Guide

2026-06-19

OpenAI Evals API Reference 2026: Endpoints, Graders, Runs

A canonical OpenAI Evals API reference: creating evals, eval runs, data source configs, graders, sampling, reading results, and the oaieval CLI.

OpenAI Evals API Reference 2026

This page is a reference for the OpenAI Evals framework and the Evals API as of 2026. It documents the objects, endpoints, parameters, grader types, and command-line entry points used to define, run, and read evaluations of model and prompt behavior. It is organized for lookup rather than narrative reading: each section describes one object or operation, lists its parameters, and shows a minimal runnable example using the openai Python client.
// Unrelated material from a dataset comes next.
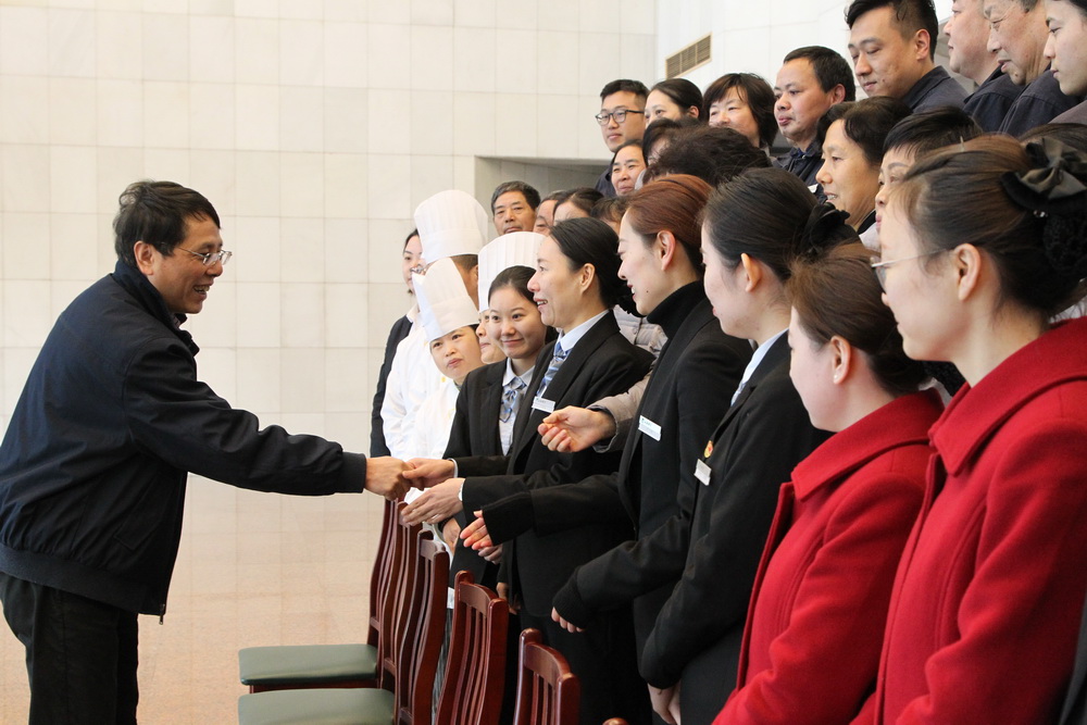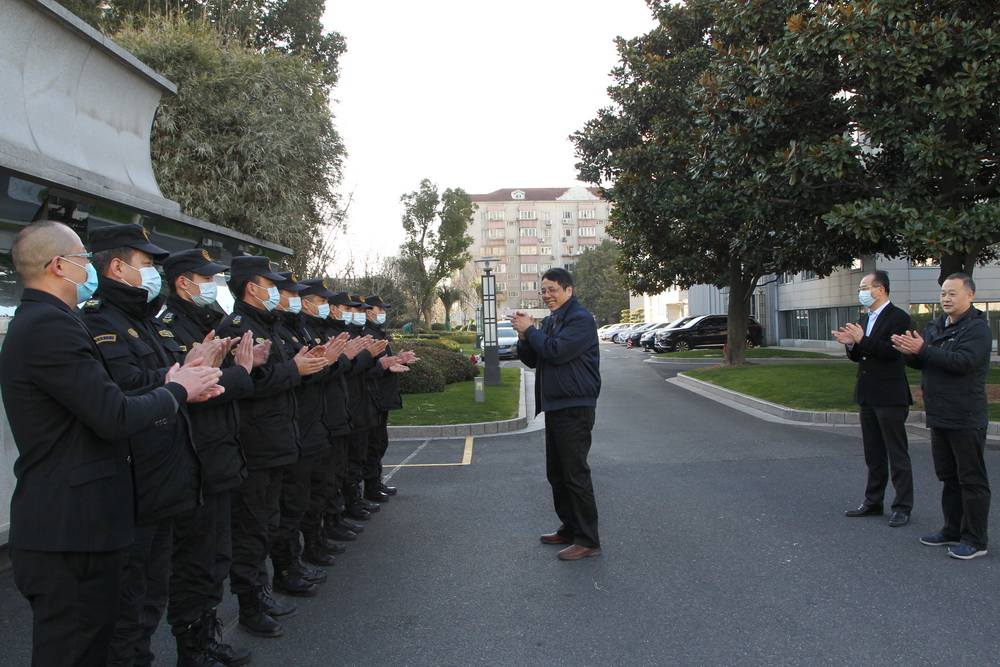 徐建刚一行先后来到海兴大厦、后勤服务中心、南洋万邦、上勤高级楼宇、上海宗保等团队。 徐建刚代表校委向参与保障服务的全体人员表示感谢并指出,后勤服务队伍平时默默无闻,工作辛苦,不在前台,但同样是学校事业发展不可或缺的一支力量。此次会议疫情防控要求高、保障服务任务重,各团队坚决按照办会要求和校委决策部署,群策群力,团结一心,克服困难,连续奋战,保障了会议胜利召开,得到了政协委员和办会各方的高度肯定,充分展现了党校服务品牌,充分展现了党校后勤人的素质形象。

The Evals API consists of two top-level resources: the eval, which is a reusable definition of a dataset schema plus one or more testing criteria (graders), and the eval run, which executes that definition against a data source and produces graded results. A third surface, the oaieval command-line tool bundled with the open-source openai/evals repository, provides a registry-based way to run evals without writing API calls. All three are covered below.

For conceptual background and a tutorial-style walkthrough, see the OpenAI Evals complete guide. This page assumes you already understand what an eval is and focuses on the exact shape of the API. Readers comparing frameworks may also reference our Ragas RAG evaluation metrics guide and the DeepEval vs Ragas comparison.

Authentication and Client Setup

All API calls require an API key supplied through the OPENAI_API_KEY environment variable or passed explicitly to the client constructor. The Evals API is accessed through the client.evals namespace of the official Python SDK.

import os
from openai import OpenAI

client = OpenAI(api_key=os.environ["OPENAI_API_KEY"])

# The evals namespace exposes evals and nested runs.
client.evals          # eval objects
client.evals.runs     # eval run objects

The base REST path is /v1/evals. Runs are nested under an eval at /v1/evals/{eval_id}/runs. Every object returned includes an id, an object type string, and a created_at Unix timestamp.

The Eval Object

An eval defines the schema of the data your test items will provide and the testing criteria used to grade model output. It does not itself contain data or invoke a model; that happens at run time. Creating an eval registers a reusable template.

client.evals.create()

Parameter	Type	Required	Description
name	string	No	Human-readable label for the eval.
data_source_config	object	Yes	Declares the schema of each test item, including item fields and optional sampling output schema.
testing_criteria	array	Yes	One or more grader objects applied to each sampled item.
metadata	map	No	Up to 16 key-value string pairs for your own bookkeeping.

The data_source_config has a type of either custom (you define an item_schema JSON Schema describing each row) or logs (the source is stored completion logs). The include_sample_schema flag, when true, tells the API that runs will sample model output to be graded, exposing a sample namespace to graders.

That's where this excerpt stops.